Maar voordat ik u het woord geef, wil ik daar graag eerst zelf iets over zeggen.
Ik denk om te beginnen, dat we moeten constateren dat sinds het WADA eind vorige eeuw is opgericht, het dopingprobleem goed onder controle hebben. Sindsdien hebben we een wereldwijd geharmoniseerd antidopingbeleid voor bijna alle sporten. Daardoor weet iedere sporter altijd en overal waar hij aan toe is. In welk land hij ook is en welke sport hij ook beoefent. Dit voordeel van uniforme regelgeving, deze duidelijkheid, heeft echter ook zijn keerzijde. Zo staan er softdrugs op de dopinglijst, iets waar ik het absoluut niet mee eens ben. Je kunt volgens mij het gebruik van softdrugs door sporters beter ontmoedigen via ander beleid dan de strenge anti-dopingaanpak.

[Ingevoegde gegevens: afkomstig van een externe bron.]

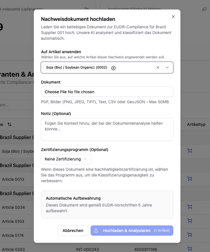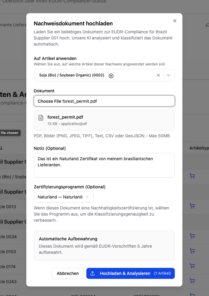 Hochgeladene Dokumente werden gemäß EUDR-Vorschriften automatisch 5 Jahre aufbewahrt.
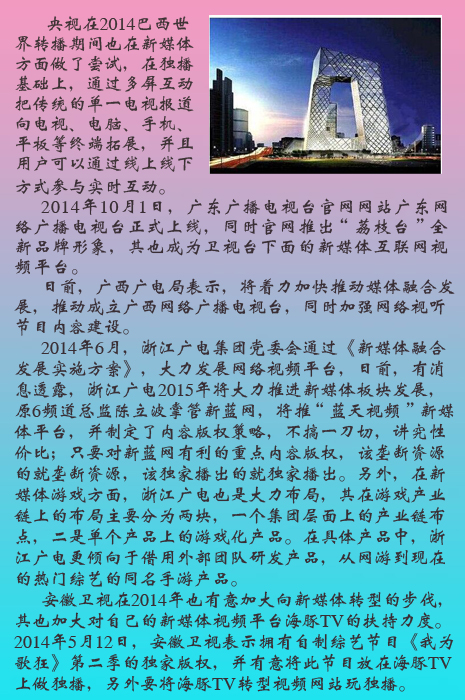 2014年8月25日,湖南卫视表示,2015年,其和芒果TV共同出资10亿元投入自制剧、定制剧拍摄,打造“双独播”概念。之后还会继续引入外部资金。另外,芒果TV还将全面启动独播战略,全网独播湖南卫视所有最强IP内容。
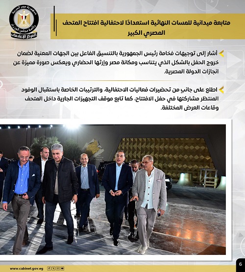 وأجرى رئيس الوزراء جولة ميدانية لمتابعة اللمسات النهائية لاحتفالية افتتاح المتحف المصري الكبير، مشيرًا إلى التوجيهات الرئاسية بالتنسيق الفاعل بين الجهات المعنية لضمان خروج الحفل بالشكل الذي يتناسب مع مكانة مصر وإرثها الحضاري ويعكس صورة مميزة عن إنجازات الدولة المصرية.
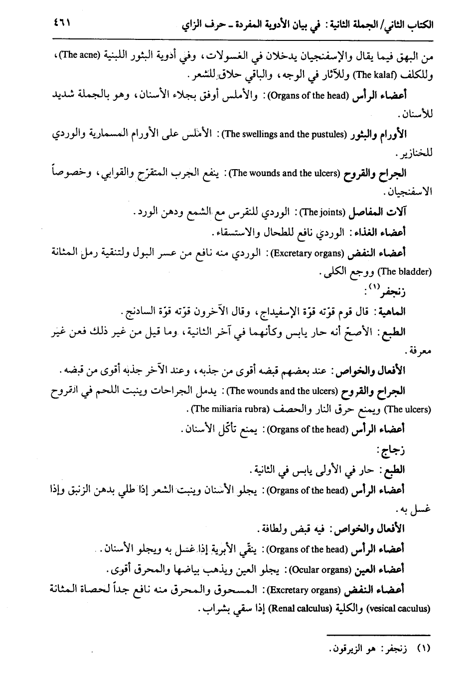 من البهق فِيمَا يُقَال والإسفنجيان يدخلَانِ فِي الغسولات وَفِي أدوية البثور اللبنية وللكلف وللآثار فِي أَعْضَاء الرَّأْس: والأملس أوفق بجلاء الْأَسْنَان وَهُوَ بِالْجُمْلَةِ شَدِيد للأسنان. الأورام والبثور: الأملس على الأورام المسمارية والوردي للخنازير. الْجراح والقروح: ينفع الجرب المتقرح والقوابي وخصوصاً الاسفنجيان. آلَات المفاصل: الوردي للنقرس مَعَ الشمع ودهن الْورْد. أَعْضَاء الْغذَاء: الوردي نَافِع للطحال وَالِاسْتِسْقَاء. أَعْضَاء النفض: الوردي مِنْهُ نَافِع من عسر الْبَوْل ولتنقية رمل المثانة ووجع الكلى. زنجفر: الْمَاهِيّة: قَالَ قوم قوته قُوَّة الإسفيداج وَقَالَ الْآخرُونَ قوّته قُوَّة السادنج. الطَّبْع: الْأَصَح أَنه حَار يَابِس وكأنهما فِي آخر الثَّانِيَة وَمَا قيل من غير ذَلِك فَعَن غير معرفَة. الْأَفْعَال والخواص: عِنْد بَعضهم قَبضه أقوى من جذبه وَعند الآخر جذبه أقوى عَن قَبضه. الْجراح والقروح: يدمل الْجِرَاحَات وينبت اللَّحْم فِي القروح وَيمْنَع حرق النَّار والحصف. أَعْضَاء الرَّأْس: يمْنَع تَأْكُل الْأَسْنَان. زجاج: الطَّبْع: حَار فِي الأولى يَابِس فِي الثَّانِيَة. الْأَفْعَال والخواص: فِيهِ قبض ولطافة. أَعْضَاء الرَّأْس: ينقي الْأَدْوِيَة إِذا غسل بِهِ ويجلو الْأَسْنَان. أَعْضَاء الْعين: يجلو الْعين وَيذْهب بياضها والمحرق أقوى. أَعْضَاء النفض: المسحوق والمحرق مِنْهُ نَافِع جدا لحصاة المثانة والكلية إِذا سقِِي بشراب.
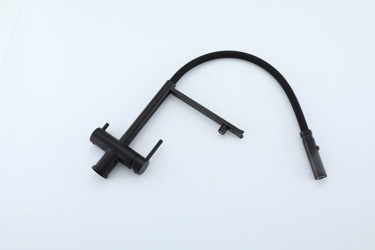 Смеситель для кухни с гибким изливом и подключением фильтра питьевой воды, черный матовый
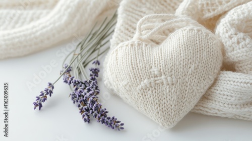 Fototapeta premium Soft Knitted Heart with Lavender Flowers Aromatic Sachet on White Background Elegant Home Decor and Relaxation Concept
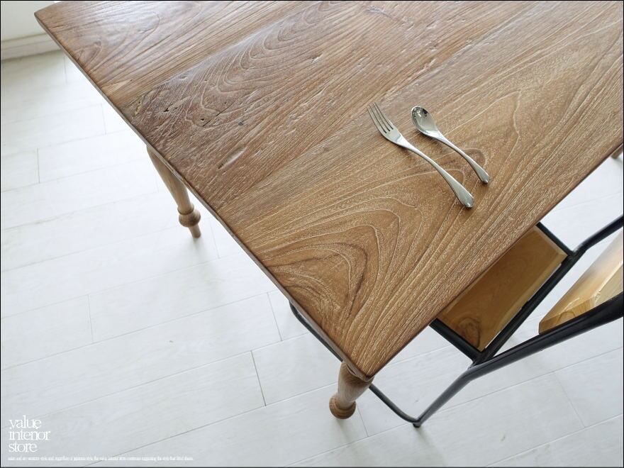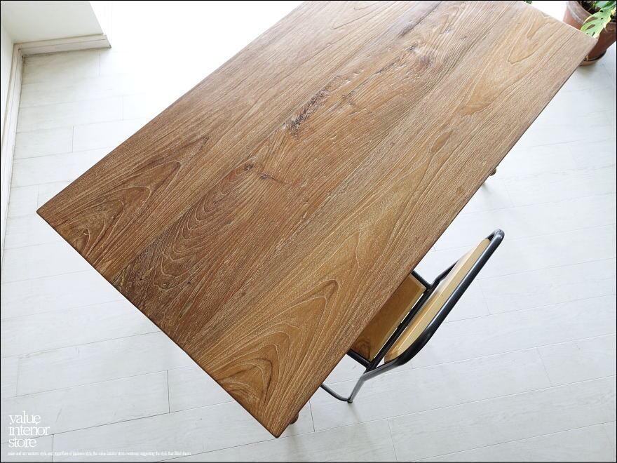 チーク無垢材 ヴィンテージテーブルAnqZ01 ダイニングテーブル 什器 一点物 再生家具 表面再仕上済 世界三大銘木 W150cm x D80cm
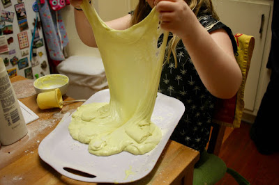 We've had a lot of slime in the house lately. Sylvia has become a bit of an expert at slime using glue, activator and shaving cream. I borrowed a book from the library called "101 kids activities that are the ooey, gooey-est ever!" I bought her ingredients for a complicated butter slime (yes there are many types of slime): saline contact liquid, baby powder, hand lotion, oil, shampoo, bicarb soda, shaving cream and of course butter. The recipe in the book didn't work as hoped and Sylvia had to doctor it to get it coming up in a curtain.

Hoe dan ook het succes van de mondiale aanpak blijkt duidelijk uit de cijfers.
Het percentage positieve dopingtesten ligt tussen de 1,5 en 2,5 procent van het aantal testen.
Natuurlijk weet ik dat er beweerd wordt dat er veel meer dopinggevallen zijn, maar ik beperk me tot de feiten en dan kunnen we niet stellen dat er sprake is van een grootschalig, structureel probleem.
Terzijde: ik zou wensen dat iedereen zich aan de feiten zou houden: in het dopingvraagstuk komen te veel, halve waarheden en niet bestaande beelden voor.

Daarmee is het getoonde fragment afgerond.